> **Supplied material**:

━━━━

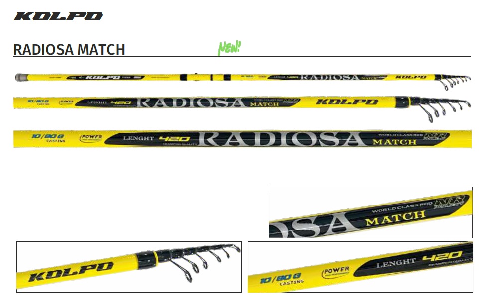 La Radiosa Match Kolpo è una canna pensata per gli amanti della pesca all’inglese e con la bombarda, offrendo un ottimo equilibrio tra prestazioni e prezzo.
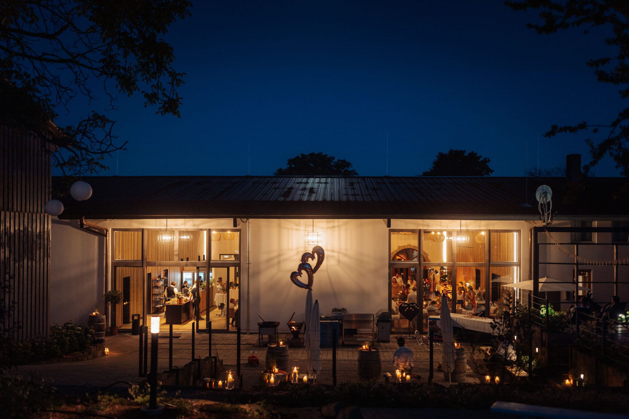 Nach der Trauung beginnt das Hochzeitsfest in der Eventhalle, die je nach Bestuhlung Platz für bis zu 150 Gäste bietet. Die Halle lässt sich flexibel gestalten – vom festlichen Dinner über ein unterhaltsames Programm bis hin zu musikalischen Einlagen – und sorgt mit moderner Technik für eine reibungslose Umsetzung eurer Feier.
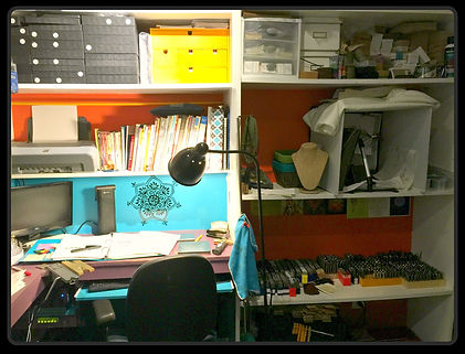 The Copper Paisley studio space. This is where the creative magic happens. Turn up the music and go to work. Often times, I can be found working at 3 am. Hammering, forging, soldering, polishing away on orders. Yes, I cleaned the studio for the photos. It's never this clean.

━━━━

> **Work instruction**: Each line of the material needs to be given again exactly, without any of its pictures.

> **Solved problem**:
 La Radiosa Match Kolpo è una canna pensata per gli amanti della pesca all’inglese e con la bombarda, offrendo un ottimo equilibrio tra prestazioni e prezzo.
 Nach der Trauung beginnt das Hochzeitsfest in der Eventhalle, die je nach Bestuhlung Platz für bis zu 150 Gäste bietet. Die Halle lässt sich flexibel gestalten – vom festlichen Dinner über ein unterhaltsames Programm bis hin zu musikalischen Einlagen – und sorgt mit moderner Technik für eine reibungslose Umsetzung eurer Feier.
 The Copper Paisley studio space. This is where the creative magic happens. Turn up the music and go to work. Often times, I can be found working at 3 am. Hammering, forging, soldering, polishing away on orders. Yes, I cleaned the studio for the photos. It's never this clean.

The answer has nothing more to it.